- WHAT YOU ARE ASKED TO DO: Exactly retype the opening line of the entries and every line after it, ending with the line that contains "(After Noon) | |||". Skip all pictures.

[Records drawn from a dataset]
********************

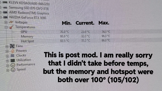 经过改装,显卡的GPU温度有了明显下降,热点温度至少降低了20°C。不过,额外加装的铝材重量很大,为了避免压坏主板的PCIe插槽,玩家专门加了一个90度的钢制支架来加固。
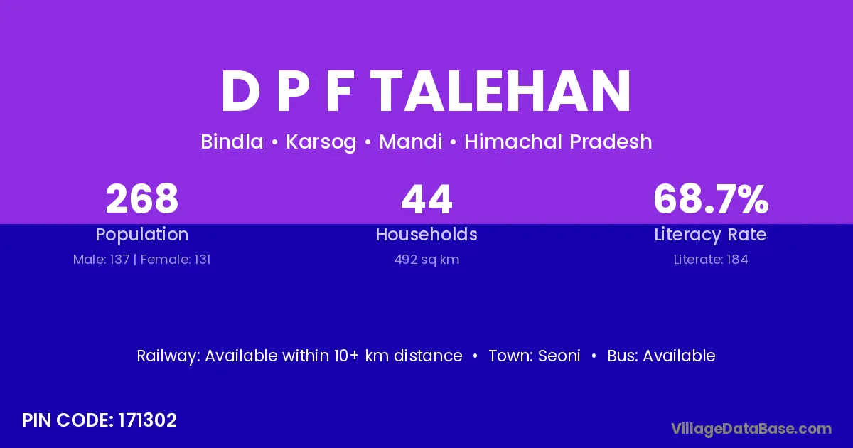 D P F Talehan village has a total population of 268 people, of which 137 are males and 131 are females.
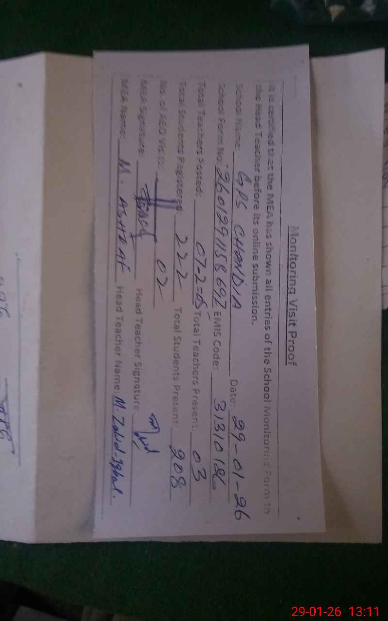 | EMIS Code: 31310186 | Name of School: GPS CHANDIA (After Noon) | |||
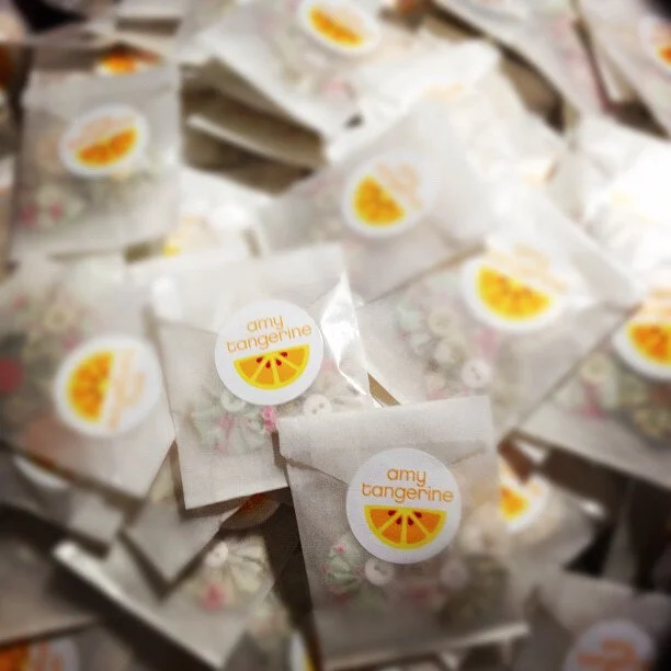 And now we can share what was in those little glassine envelopes galore. I snapped some photos of the process for the delightful little fabric flowers we made, also known as "yo-yo's".
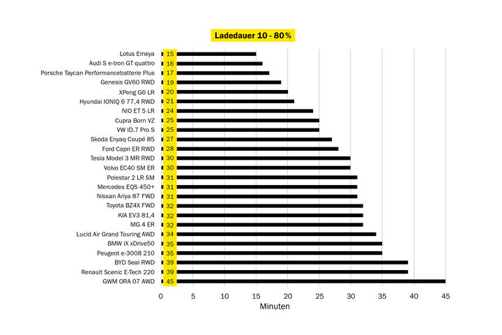 Mit “gut” wurden die Langstreckenmodelle von Lucid (Air Grand Touring AWD), VW (ID.7 Pro S), NIO (ET5 LR), Tesla (Model 3 MR RWD) und Audi (E-tron S GT quattro) bewertet. Der Tesla ist mit knapp 45.000 Euro eine vergleichsweise günstige Alternative, ähnliches gilt für die mit “befriedigend” beurteilten Cupra Born VZ und Skoda Enyaq Coupé 85. Unterm Strich schafft man mit dem Tesla die 580 Kilometer im Winter mit einem 20-minütigen Ladestopp, mit den anderen zwei Fahrzeugen braucht es zwei Stopps.
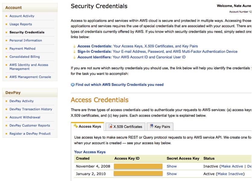 Obviously, you need to replace the <your_access_key_id> and <your_secret_access_key> with your actual keys which you can find by logging into aws.amazon.com, and clicking on the Security Credentials tab.
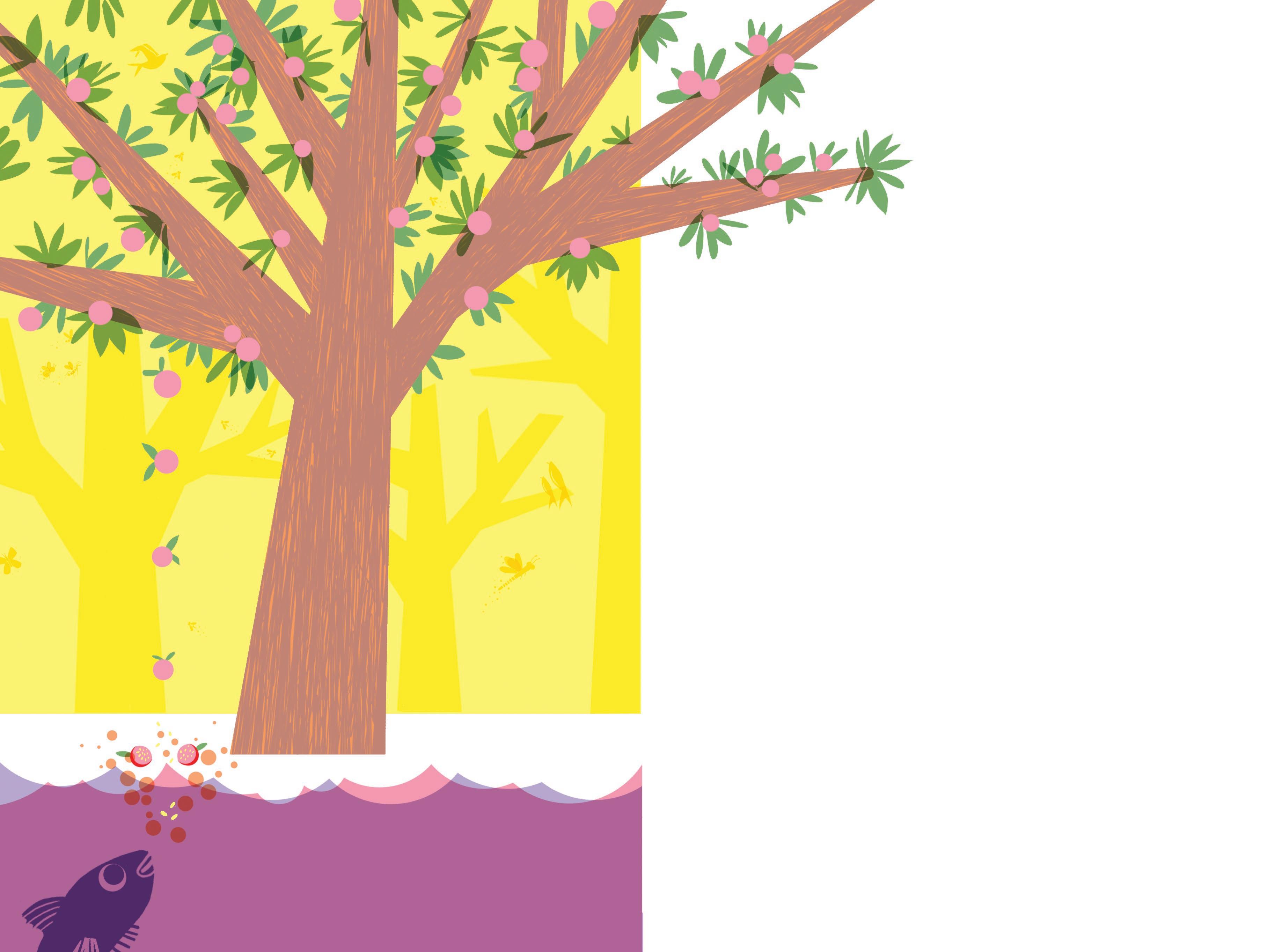 Para surpresa da Árvore, o peixe saltou acima da superfície e cuspiu, em um pedaço de terra ao lado, a semente de goiaba guardada na boca.
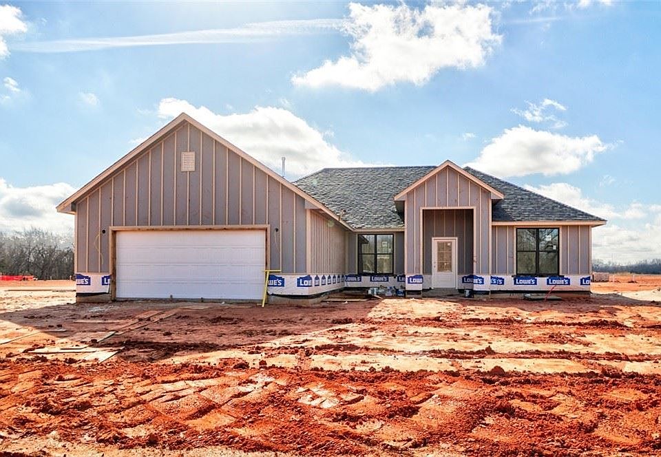 New Greg Brown Homes development in North Rock Creek Schools. Excellent location for OKC commuters - 29 min to Tinker & 34 min to Bricktown. There's so much to love about this home. 3 bed, 2 bath + an office. Open living, dining & kitchen. Kitchen has a large island, lots of counter space and a walk in pantry. The owner's suite has double vanities, an oversized walk in luxury shower and huge walk in closet. The living room features a new state of art touch stone fireplace with a remote that allows a variety of options. Home will be completely sodded and a landscape package. Wood-like tile will be in all living areas and bedrooms will be carpeted. At Shawnee Mall and Kickapoo, go north to the Trails End Addition. Buyers may have the opportunity to make some design selections, if contract is written in time.
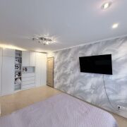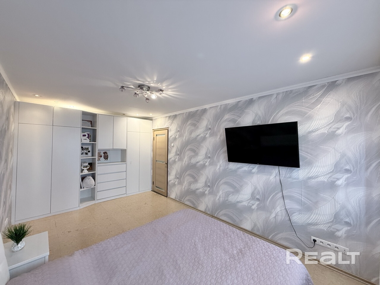 В жилой комнате есть встроенный шкаф, который был сделан под заказ на всю ширину комнаты.
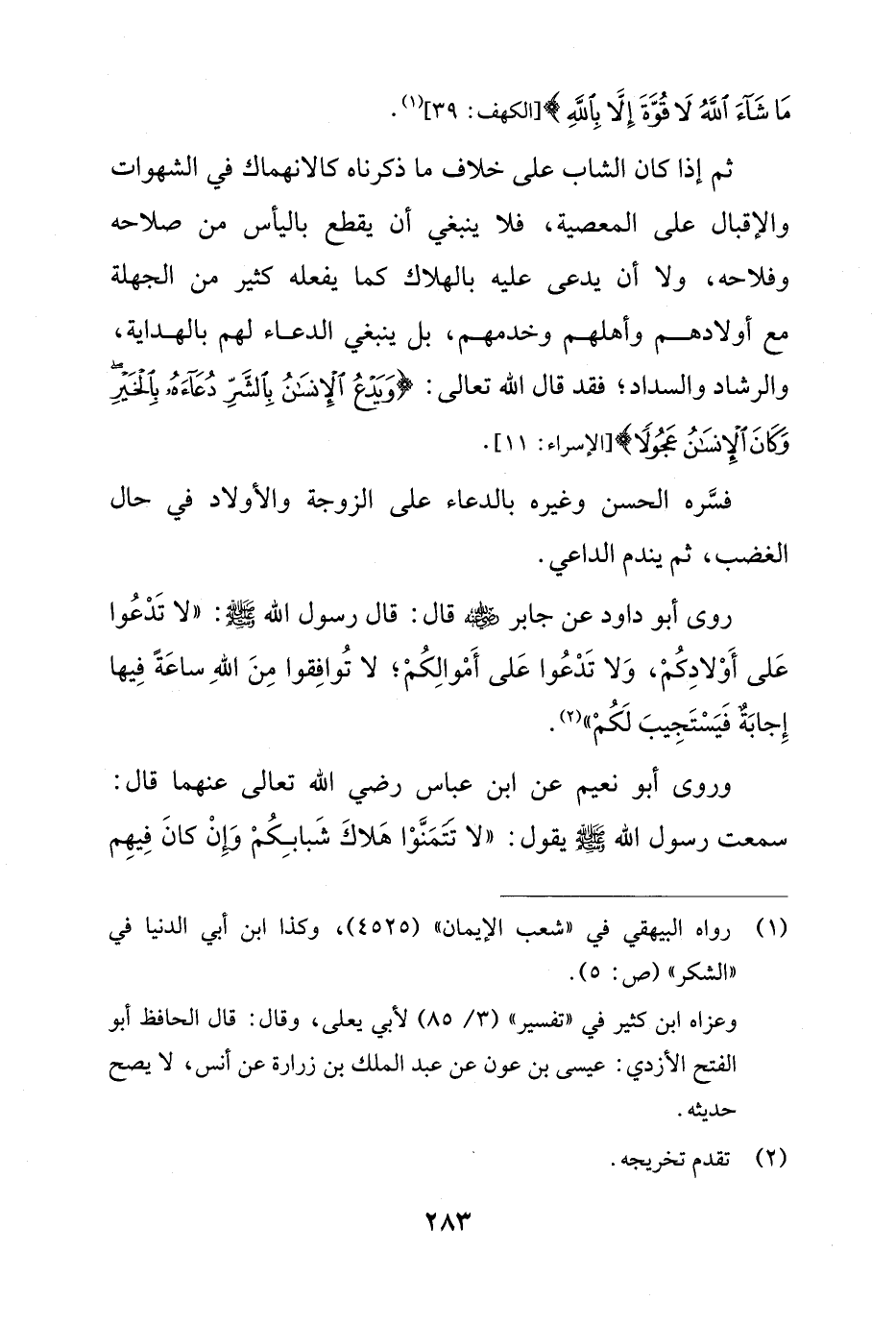 ثم إذا كان الشاب على خلاف ما ذكرناه كالانهماك في الشهوات والإقبال على المعصية، فلا ينبغي أن يقطع باليأس من صلاحه وفلاحه، ولا أن يدعى عليه بالهلاك كما يفعله كثير من الجهلة مع أولادهم وأهلهم وخدمهم، بل ينبغي الدعاء لهم بالهداية، والرشاد والسداد؛ فقد قال الله تعالى: {وَيَدْعُ الْإِنْسَانُ بِالشَّرِّ دُعَاءَهُ بِالْخَيْرِ وَكَانَ الْإِنْسَانُ عَجُولًا} [الإسراء: 11].
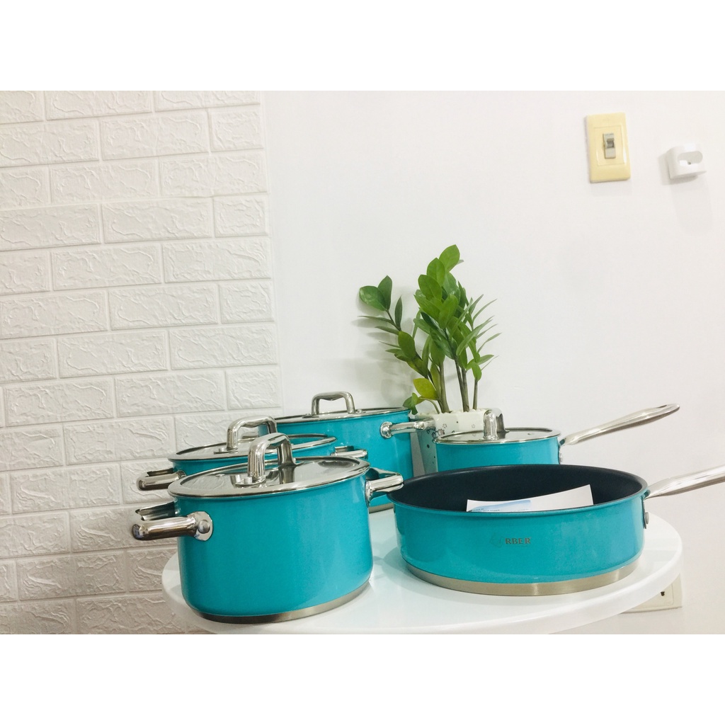 Bộ nồi từ chảo 5 chiếc cao cấp kiểu dáng sang trọng ARBER làm bằng chất liệu thép không gỉ, đáy bộ nồi 3 đáy siêu bền khi sử dụng, bộ nồi tiếp xúc nhiệt nhanh, êm, tản nhiệt đều khi nấu. Bộ nồi từ 5 chiếc cao cấp ARBER đạt các tiểu chuẩn và chất lượng được cấp chứng chỉ sản phẩm. Bộ sản phẩm chuẩn: + 01 nồi 24cm + 01 nồi 20cm + 01 nồi 18cm + 01 quánh 16cm + 01 chảo chống dính.Dung tích:
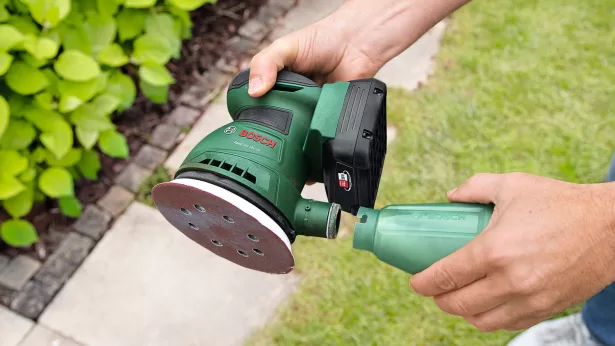 - Puissante ponceuse facile à utiliser pour surfaces planes et courbées de moyennes dimensions.

********************

- COMPLETED TASK:
 经过改装,显卡的GPU温度有了明显下降,热点温度至少降低了20°C。不过,额外加装的铝材重量很大,为了避免压坏主板的PCIe插槽,玩家专门加了一个90度的钢制支架来加固。
 D P F Talehan village has a total population of 268 people, of which 137 are males and 131 are females.
 | EMIS Code: 31310186 | Name of School: GPS CHANDIA (After Noon) | |||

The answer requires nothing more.